◆ TASK GOAL
Write out each entry below exactly; the images do not belong in your copy.
━━━━━ DATA TO PROCESS ━━━━━
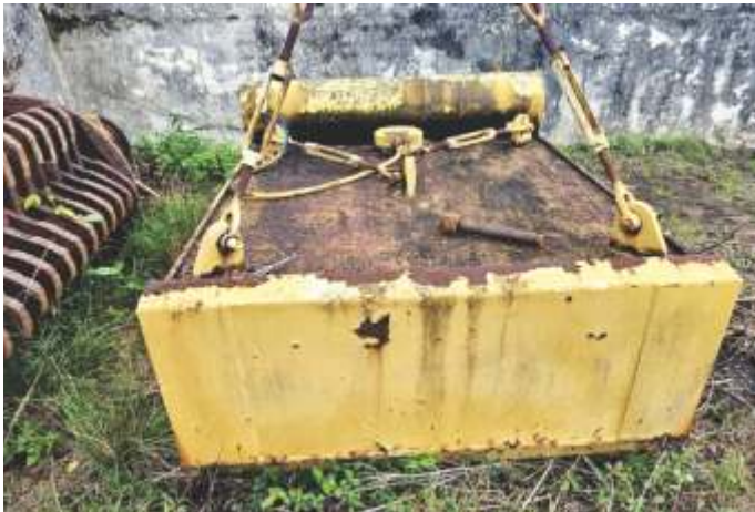
02 SEPARADOR MAGNÉTICO ELETRÓIMÃ ITALINDUSTRIA 8.000 W
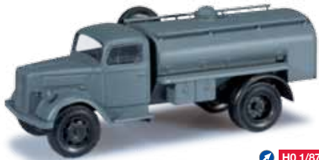
744720 Opel Blitz Tank-LKW / Opel Blitz truck with tank
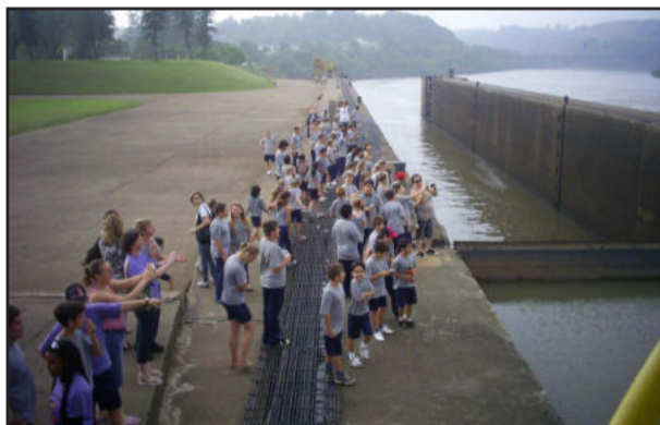
Barragem em Bom Retiro do Sul
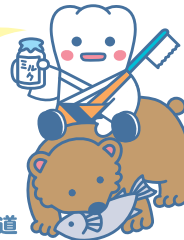
ご当地よ坊さん 北海道
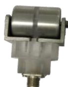
(cod.: HF5) Sonda a rodillos para material en movimiento
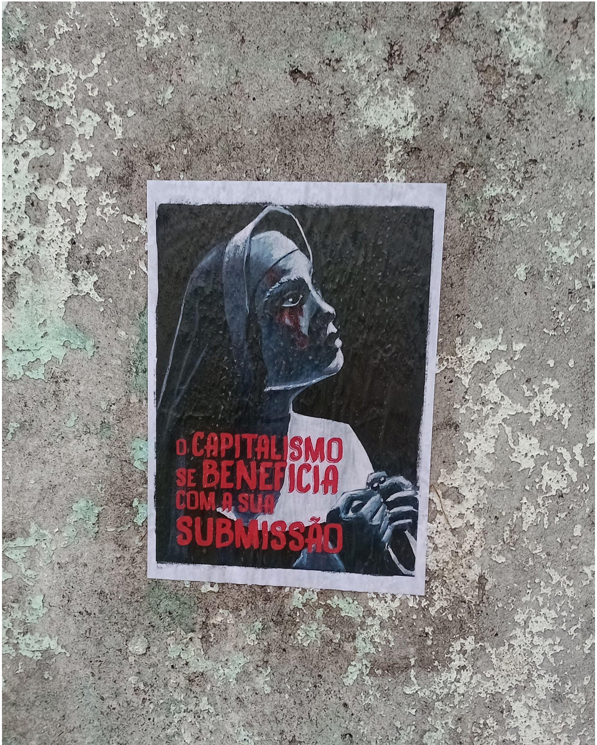
Imagem 8. Melissa Sobczyk, a conclusão: o capitalismo se beneficia com a sua submissão, fotografia, 2682 x 3368 px, Rio Grande (RS), 2024.
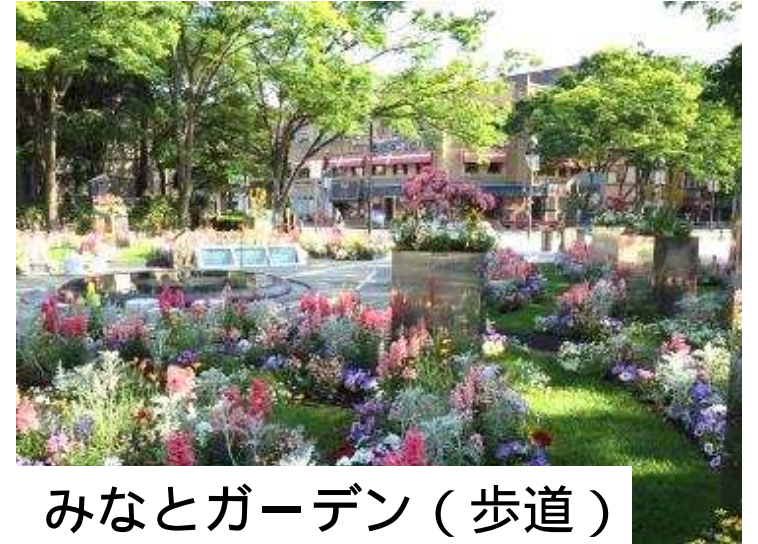
みなとガーデン（歩道）
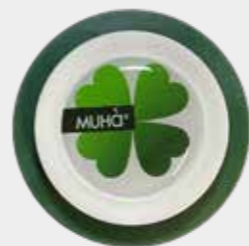
Vaniglia e Ambra Pura Codice CARS06
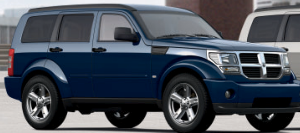
MODERN BLUE PEARL
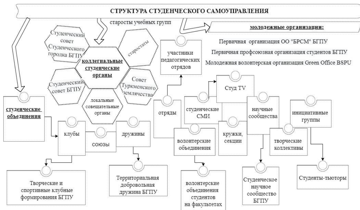
Рисунок 2. – Структура студенческого самоуправления (на примере БГПУ имени М. Танка)

Данная структура является гибкой, открытой и динамичной, включает множество форм самоорганизации обучающихся, способна к дополнению, совершенствованию, «достраиванию». Интенсивное развитие инфраструктуры студенческого самоуправления создает предпосылки для появления новых видов общественной нагрузки – администрирование социальных сетей факультета, помощь в создании и продвижении интернет-канала университета и др. Это значит, что структура студенческого самоуправления не может являться статичной, неизменной системой, она должна быть мобильной, способной к достраиванию, появлению новых форм, отвечающих запросам современности, трансформироваться с учетом интересов студентов конкретного учреждения высшего образования.
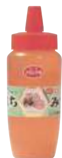
山内養蜂園 アカシヤ蜜 (500g) 【⑳-007】 2,500円
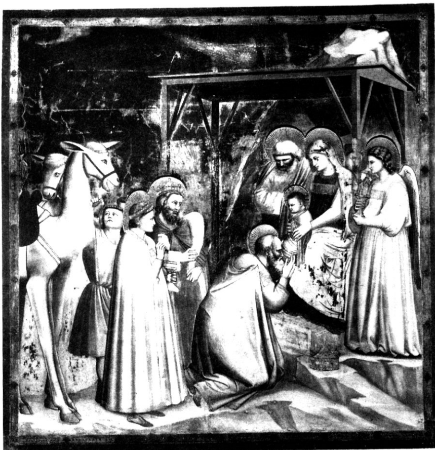
Слика 1: Ђотова (Giotto di Bondone) фреска из 1302. године у капели Скровењи (Scrovegni Chapel), у Падови, у Италији, са кометом у горњем централном делу слике. Фреска приказује долазак три мага која одају почит новорођеном Христу (Schechner, 1997).
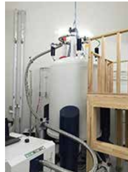
800MHz超伝導核磁気共鳴分析装置

ゴマの健康成分「セサミン」とともにゴマ種子に含まれる抗酸化物質「セサモリン」および「セサミノール」の生合成酵素遺伝子を世界で初めて発見、葉の縁の凸凹の形を制御する遺伝子の解明、花の色素とフラボノイド配糖体との相互作用による青色形成メカニズムの解明など、多くの研究成果が著名な学術論文に掲載されています。また、年度ごとに共同研究者や第一線の研究者を招いて報告会を開催しています。
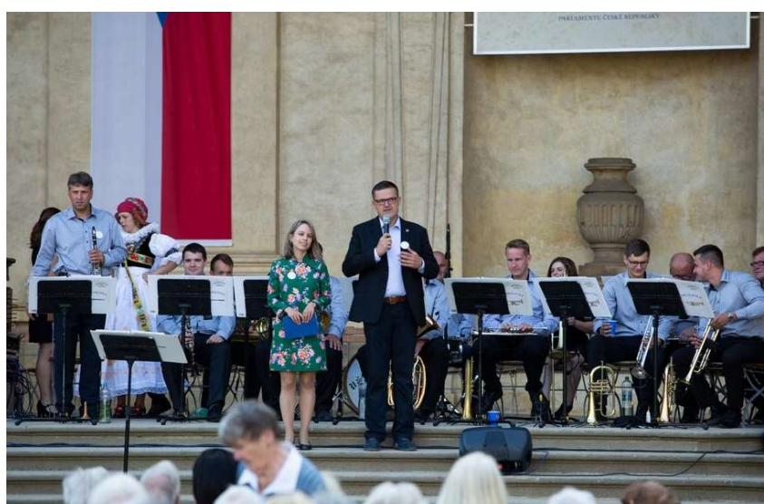
Obr. 4: Věrovanka ve Valdštejnské zahradě.
━━━━━
◆ EXERCISE RESPONSE
02 SEPARADOR MAGNÉTICO ELETRÓIMÃ ITALINDUSTRIA 8.000 W
744720 Opel Blitz Tank-LKW / Opel Blitz truck with tank
Barragem em Bom Retiro do Sul
ご当地よ坊さん 北海道
(cod.: HF5) Sonda a rodillos para material en movimiento
Imagem 8. Melissa Sobczyk, a conclusão: o capitalismo se beneficia com a sua submissão, fotografia, 2682 x 3368 px, Rio Grande (RS), 2024.
みなとガーデン（歩道）
Vaniglia e Ambra Pura Codice CARS06
MODERN BLUE PEARL
Рисунок 2. – Структура студенческого самоуправления (на примере БГПУ имени М. Танка)

Данная структура является гибкой, открытой и динамичной, включает множество форм самоорганизации обучающихся, способна к дополнению, совершенствованию, «достраиванию». Интенсивное развитие инфраструктуры студенческого самоуправления создает предпосылки для появления новых видов общественной нагрузки – администрирование социальных сетей факультета, помощь в создании и продвижении интернет-канала университета и др. Это значит, что структура студенческого самоуправления не может являться статичной, неизменной системой, она должна быть мобильной, способной к достраиванию, появлению новых форм, отвечающих запросам современности, трансформироваться с учетом интересов студентов конкретного учреждения высшего образования.
山内養蜂園 アカシヤ蜜 (500g) 【⑳-007】 2,500円
Слика 1: Ђотова (Giotto di Bondone) фреска из 1302. године у капели Скровењи (Scrovegni Chapel), у Падови, у Италији, са кометом у горњем централном делу слике. Фреска приказује долазак три мага која одају почит новорођеном Христу (Schechner, 1997).
800MHz超伝導核磁気共鳴分析装置

ゴマの健康成分「セサミン」とともにゴマ種子に含まれる抗酸化物質「セサモリン」および「セサミノール」の生合成酵素遺伝子を世界で初めて発見、葉の縁の凸凹の形を制御する遺伝子の解明、花の色素とフラボノイド配糖体との相互作用による青色形成メカニズムの解明など、多くの研究成果が著名な学術論文に掲載されています。また、年度ごとに共同研究者や第一線の研究者を招いて報告会を開催しています。
Obr. 4: Věrovanka ve Valdštejnské zahradě.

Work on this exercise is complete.